The poet says that he (as a boy), was just such a swinger of birches (reality), and so he dreams of going back to being a swinger of birches again (fantasy), though the second time metaphorically. And here is how he sees himself as a future swinger of birches:

It’s when I’m weary of considerations,
And life is too much like a pathless wood
Where your face burns and tickles with the cobwebs
Broken across it, and one eye is weeping
From a twig’s having lashed across it open.

When one is weary of daily life as an adult, and all the thought and bother it requires, when life becomes difficult and confusing, like a forest in which there is no path to follow, and when life’s pains and trials get to be too irritating, like walking through cobwebs that stick to and itch on one’s face, and “one eye is weeping” from a twig having struck it (symbolizing the sorrows and sadness of life at times), then Frost tells us what he would like to do to get away from it all for a time:

I’d like to get away from earth awhile
And then come back to it and begin over.

The poet wants to get away from all the trials and troubles and sorrows of life for a while, but only for a while. Then he wants to come back refreshed and renewed, to start over again.

May no fate wilfully misunderstand me
And half grant what I wish and snatch me away
Not to return. Earth’s the right place for love:
I don’t know where it’s likely to go better.

Frost does not want the forces that control the world and life to intentionally misunderstand what he wants; he is no defeatist. He does not want to leave the world by some drastic method, such as committing suicide or dying and leaving the earth permanently. No, he loves the world too much for that. He just needs a break. Earth, he says, is the right place for love. By “love,” he is speaking of the love of the ordinary things of the world, of forests and paths and trees and cows and farms and simple life and simple relationships. And for those, he tells us, earth is the right place; he does not know of any afterlife where such things might be better. So he does not want to abandon life permanently. He just needs to get away from it for a while, to regain his perspective and strength.

I’d like to go by climbing a birch tree,
And climb black branches up a snow-white trunk
Toward heaven, till the tree could bear no more,
But dipped its top and set me down again.
That would be good both going and coming back.
One could do worse than be a swinger of birches.

This, of course, is just the poet’s fantasy. He says that he would like to “go,” that is, to depart this life (whether temporarily or in death) and leave the world, by climbing up a tall birch tree, just as he did when he was a boy. He would leave earth in that way, climbing carefully higher and higher, farther away from life and the world, until finally he had gone as far as the tree would bear him, and then it would bend its top and set him down back in life and the world again, and that, the poet says, “would be good both going and coming back.” Why? Because leaving would be a pleasure, and returning refreshed and renewed would be a pleasure too.
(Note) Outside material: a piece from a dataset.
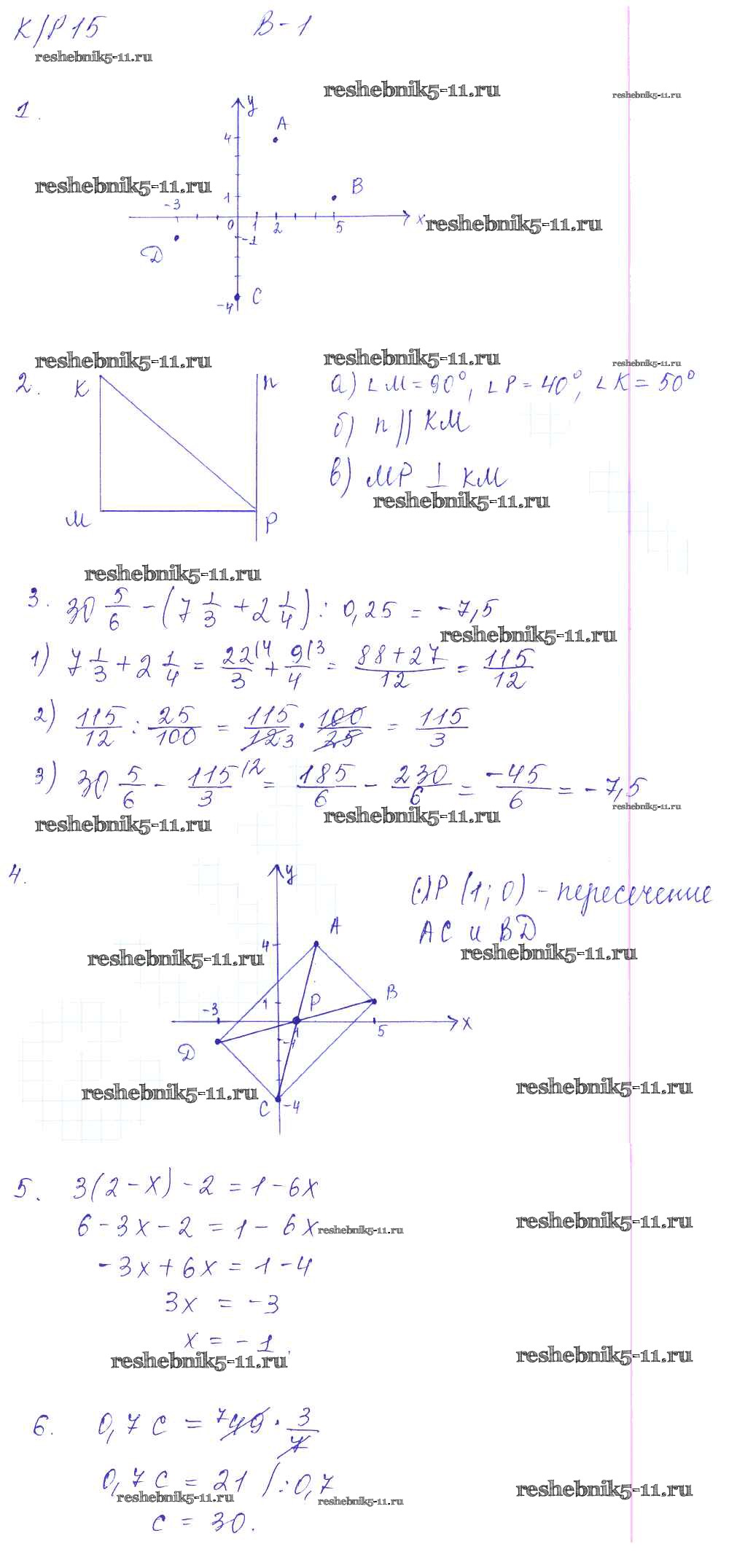Готовая домашняя работа с ответами по Математике за 6 класс Дудницын, Кронгауз Контрольные работы УМК Экзамен 2013 ФГОС - КР-15. Варианты 1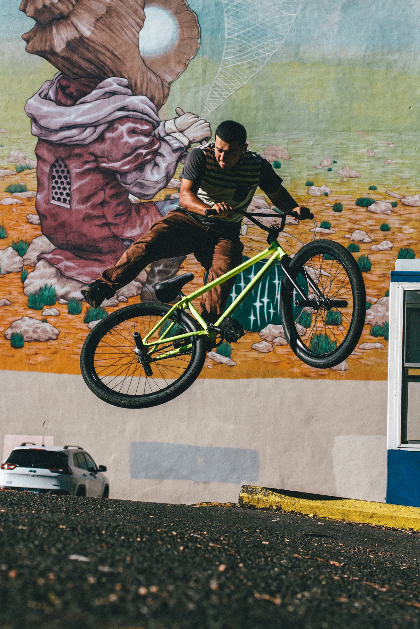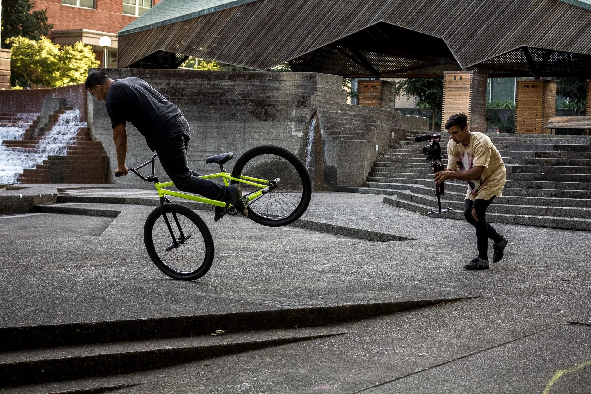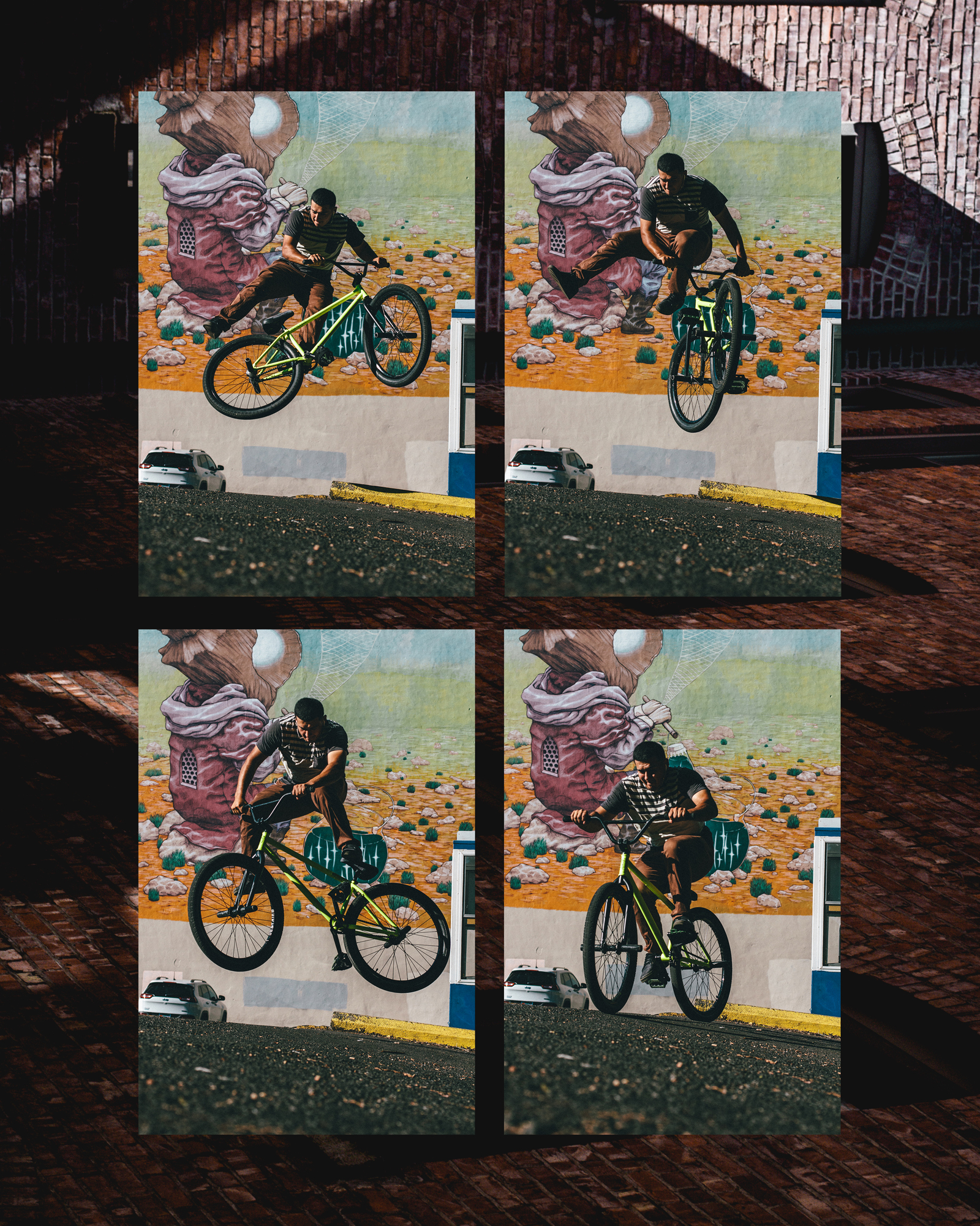 After riding Fixed Gear only for years, Miguel tried BMX around 2017 to further his overall bike control and take the BMX tricks he learned back to a Fixed Gear. This is how he learned tailwhips and various grind tricks so well.

And that, the poet tells us, is why being a swinger of birches, though simple, is such a pleasant thing. One could do much worse in life than be willing to leave things occasionally for a refreshing break of sorts, then coming back to them again and seeing them anew, beginning one’s life anew.

In my view, that is a good way to live. When one becomes too attached to things, too troubled by the difficulties of daily life, it is good to get away for a time, to climb away from them for some moments or hours or days or months of simple pleasure and renewal, and then one can come back again and see things anew, start life a different way. Life, that way, can be a constant process of rebirth (whether literal or metaphorical) into a better life. But the trick in this is coming back to life with a different perspective than that which caused one to leave it. And that requires one to examine one’s life, the direction in which one is going, one’s goals and objectives. And if we find we are on the wrong path, then when we come back from our swinging of birches, we must chart a new course, change our lives for the better, we must start over again, as though for the first time.